Note: Parts 1 and 2 can be found in HW3_I.ipynb.

Part 1: Intro to PySpark

As a warm-up, we would like you to perform a simple computation within the Spark framework. More importantly, we want you to get a feel for the broader context before diving into the nitty-gritty implementation details.

1.1: Implement countWords()

For this task, load the passed-in text file into an RDD using sc.textFile and return a python list of the 20 words that appear most frequently, along with their counts. You should convert all characters to lower case and split on any whitespace. (If you happen to know what stemming is, don't do it here -- we'll take the lowercased text verbatim.)

Tips:

  • Potentially useful PySpark methods: flatMap, map, reduceByKey, takeOrdered, and/or top (you may change the provided result_rdd.take(20))
  • The output of this function should look like: [('the', 692), ('and', 671), ('i', 638), … ('his', 165)]
  • Functions like reduceByKey operate on tuples in python that are of the form (key, value).

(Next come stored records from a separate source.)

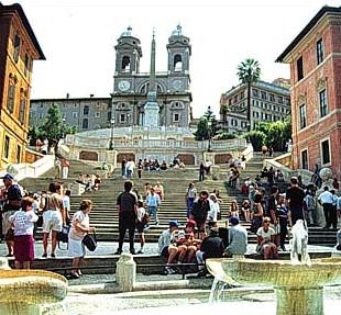 Late in the afternoon we walked to Piazza Espagna, where we started by seing the church Trinita dei Monti with it's twin towers. The front was designed by Maderno, who also made the front of San Pietro. Much of the art works were removd by Napoleon, but it's still worth a visit.
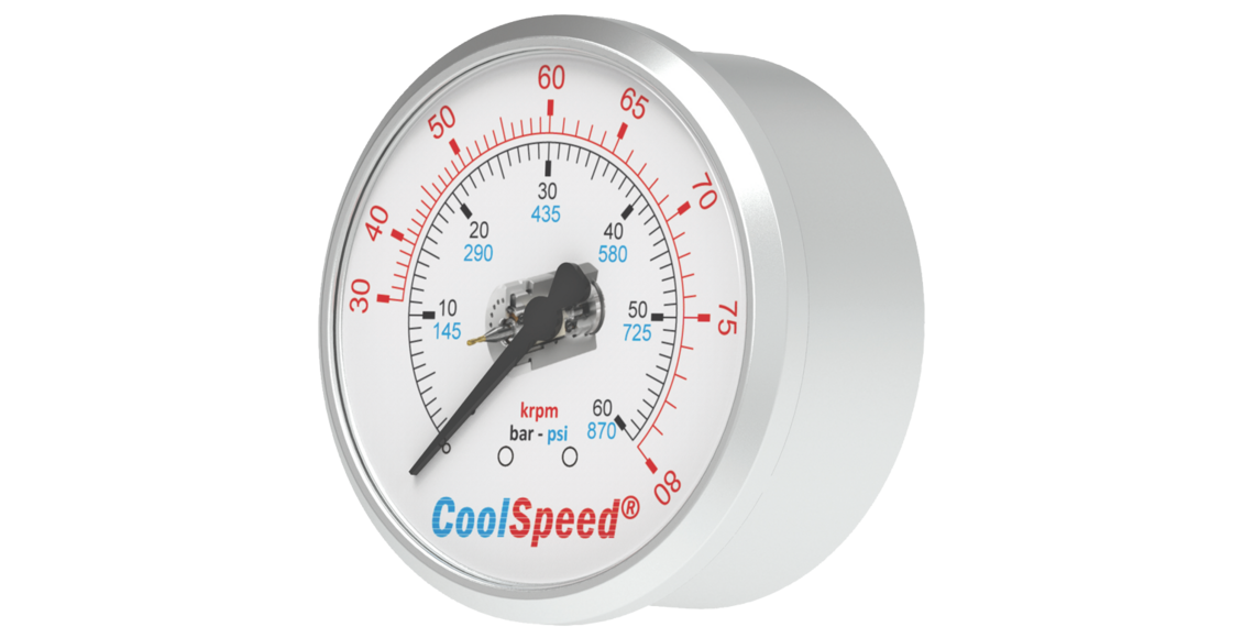 Used to measure operating pressure at spindle face. Secondary scale on gauge face indicates tool rpm.
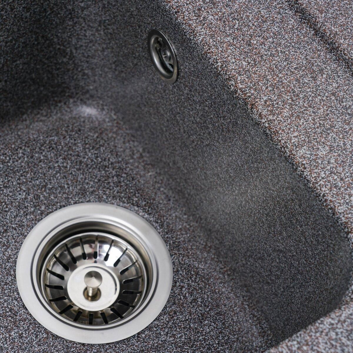 Мойка имеет матовую фактуру и приятный для глаза цвет - микс, что позволяет ей легко вписаться в интерьер кухни.
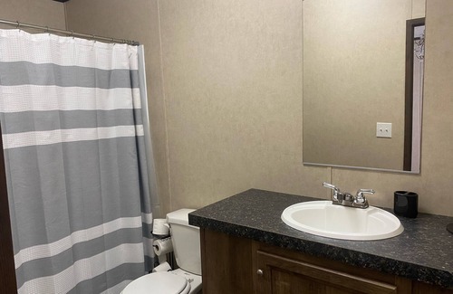 3Bedroom, 2Full Bath mobile home with water access and a boat slip. Master bedroom has a Queen size bed,Room #2 has a twin bunk bed and room# 3 has a bunk bed twin on top and full on the bottom. Home has a spacious 20x20 covered deck for Bar-b-queing and relaxing. There is plenty parking for your boat trailer and there is also a fish cleaning station with running water,electricity,

Part 2: Diving Right In - PySpark Fundamentals

2.1: TextFile

In Part 1, we took advantage of a built-in Spark method called textFile: it creates an RDD containing lines of text from a file on a shared file system. The RDD loading mechanism works by assigning partitions to multiple parallel processes, each with a different position in the file. Each will read its corresponding partition of the file and extract lines from that partition.

To get a more hands-on understanding of how things work, we're going to implement our own textFile method in PySpark, which will be a bit more flexible by supporting custom line delimiters.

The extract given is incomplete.